January 4, 2012 at 3:29 pm
I think I have found an alternative solution that with some tweaking will work. sp_helptext 'view name here', in conjunction with a temp table, will enable me to strip out the CREATE VIEW etc. part and present only the query definition, with formatting.
For example:
create table #text(ID INT IDENTITY(1,1) NOT NULL,line varchar(8000))
insert into #text
exec sp_helptext 'dbo.vwInvRpt'
select [Line] from #text WHERE ID>
(SELECT ID FROM #text WHERE [Line] LIKE 'CREATE VIE%')
AND [Line] NOT LIKE '--%'
AND [Line] NOT LIKE 'AS%'
drop table #text
Returns the following:
/*
08-075-2010 RRM Created for use in Inventory Snapshot Report
*/
SELECT I.ProductID,P.Description,I.LotNum,I.Qty,I.Class,I.HoldCode
FROM dbo.SN_INVRPT AS I
inner join dbo.Products AS P ON P.ProductID = I.ProductID
Thanks!
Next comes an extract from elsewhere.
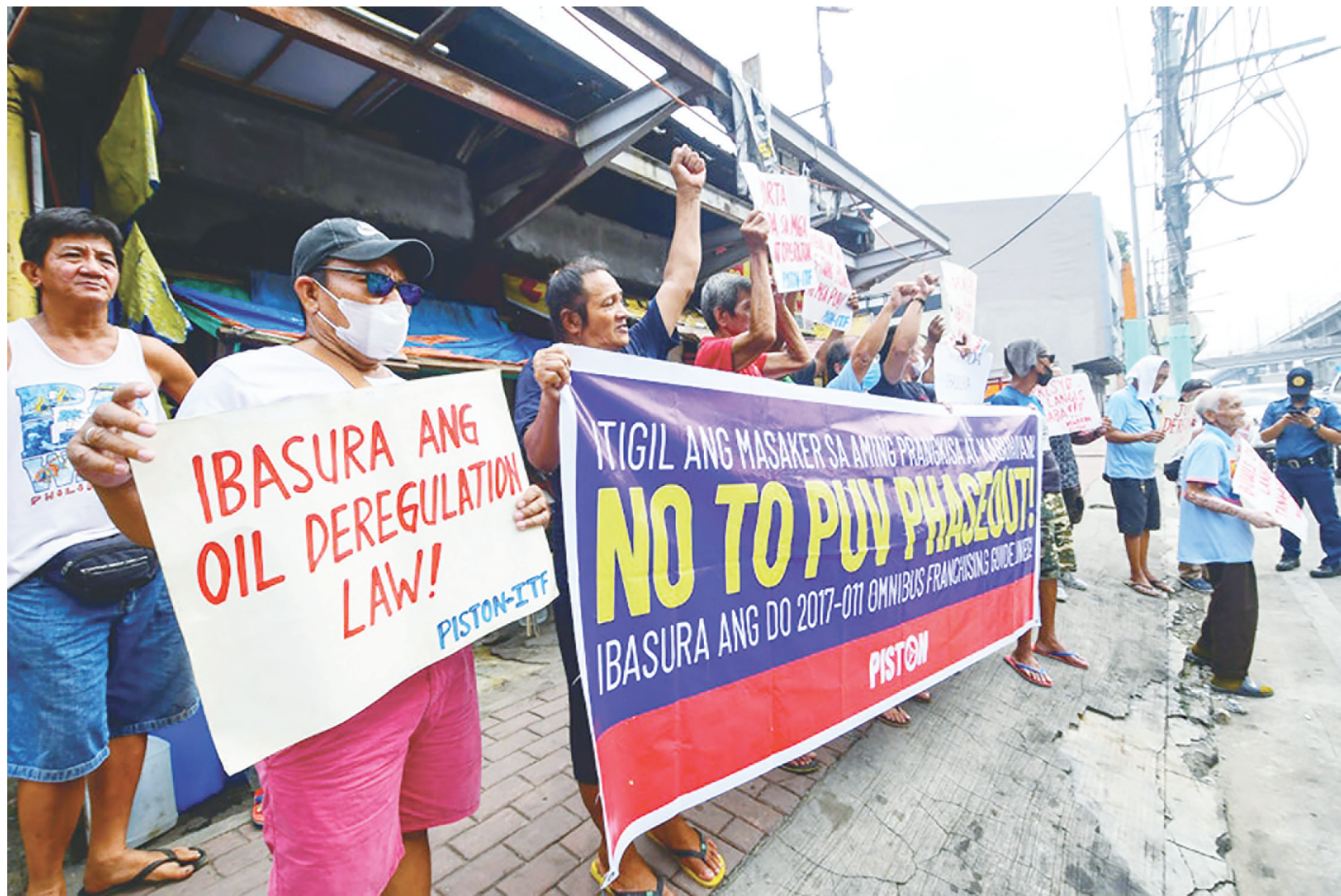
圖為運輸組織PISTON促政府廢除石油解管法，來遏止不斷上升的油價。能源部說，油價高企將持續到12月。

David
July 12, 2017 at 2:07 pm
Lowell - Wednesday, January 4, 2012 1:04 PMDavid, i think it has to do with CHAR(10) vs CHAR(13) + CHAR(10) as the line terminator.SSMS will show you the definition the "right" way, regarless of the terminator, but if you are putting the definition in, say , a textbox, it might look wrong if it only has CHAR(10).this is what I do for a very similar situation..it's just a double REPLACE to get the definition in the expected vbCrLf format i want:SELECT objz.object_id AS [ViewID], objz.name AS [ViewName], objz.schema_id AS [SchemaID], SCHEMA_NAME(objz.schema_id) AS [SchemaName], REPLACE(REPLACE(MODS.[definition], CHAR(10), CHAR(13) + CHAR(10)), CHAR(13) + CHAR(13) + CHAR(10), CHAR(13) + CHAR(10)) AS definitionFROM sys.sql_modules MODSINNER JOIN sys.objects objz ON objz.object_id = MODS.object_idWHERE objz.type_desc IN( 'VIEW' ) AND objz.is_ms_shipped = 0
Thank you so much! This was exactly what I needed.